Bab 7
(TLN : Banyak monolog tetang isi hati Richi, intinya padat.)
Meninggalkan stasiun, Richi berlari pulang dengan
napas terengah-engah.
Dia kembali lebih awal.
Karena dia punya sesuatu untuk dilakukan.
Dia menyeberangi distrik perbelanjaan, berlari di
antara bangunan tempat tinggal lagi dan lagi, dan akhirnya berlari ke pintu
masuk rumahnya dan membuka pintu.
"Aku pulang."
"Eh? Hah? Richi? Apa kamu tidak ada
kelas?"
Dia buru-buru memberi tahu ibunya yang terkejut:
"Aku kembali lebih awal. Bu, aku akan keluar.
Aku mungkin akan kembali larut malam, jadi tidak perlu mengkhawatirkanku.”
"Eh? Apa yang terjadi? Kemana kamu pergi, Richi?"
Ibu benar-benar bingung.
Richi berlari menaiki tangga, kembali ke kamarnya
dan memulai berbagai persiapan.
Dia mencari-cari di dalam lemari, memasukkan
barang-barang ke dalam ranselnya.
Palu, paku pahat yang mampu memecahkan batu, satu
datar dan satu runcing, serta pensil, pena minyak, buku catatan, koran, sarung
tangan militer, kaca pembesar, dan senter semuanya diperlukan.

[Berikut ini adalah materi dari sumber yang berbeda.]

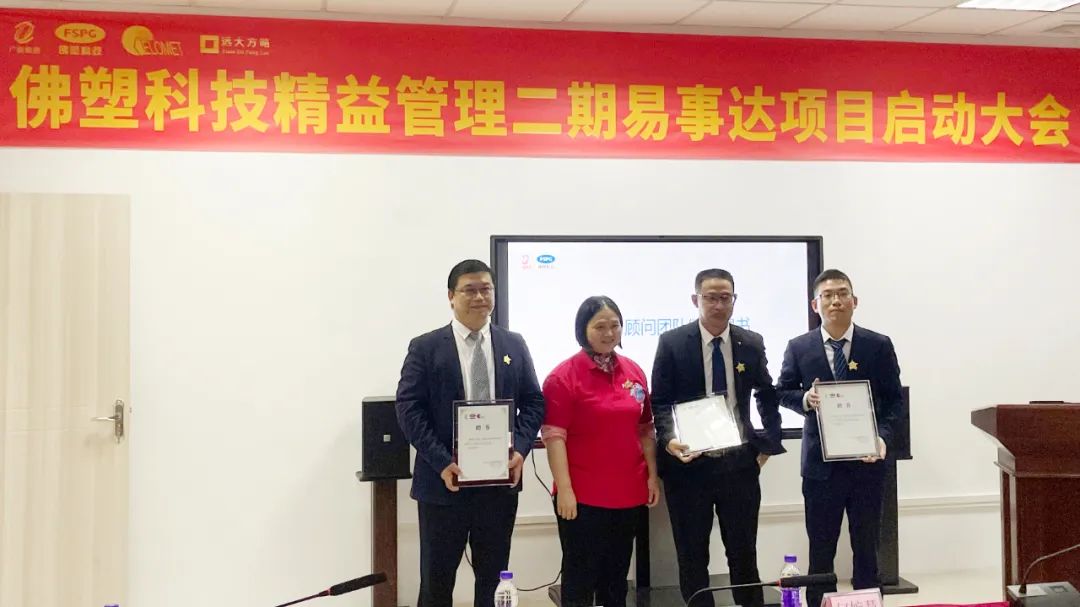 鐘總還為遠(yuǎn)大方略項(xiàng)目組頒發(fā)了個(gè)人聘書及團(tuán)隊(duì)授權(quán)書,為精益管理推進(jìn)辦公室成員和精益管理專項(xiàng)工作組組長(zhǎng)頒發(fā)了個(gè)人任命書。精益管理專項(xiàng)工作組組長(zhǎng)簽署了《佛塑科技易事達(dá)公司精益管理項(xiàng)目承諾書》,并承諾帶領(lǐng)小組全體成員全力以赴,達(dá)成精益管理KPI目標(biāo)。

Dia melepaskan seragam sekolahnya, mengenakan kaus
kaki tebal, celana katun dan sweter untuk mobilitas, mengenakan jaket katun
tipis, dan mengenakan ranselnya.
Dia mengeluarkan ketel lagi dan menyampirkannya di
atasnya.
Beli apa yang akan diminum di tengah jalan.
"Aku pergi dulu!"
"Tunggu, Richi—"
Dia mengabaikan panggilan ibunya, dan menginjak
sepasang sepatu kets bersol tebal dan meninggalkan rumah.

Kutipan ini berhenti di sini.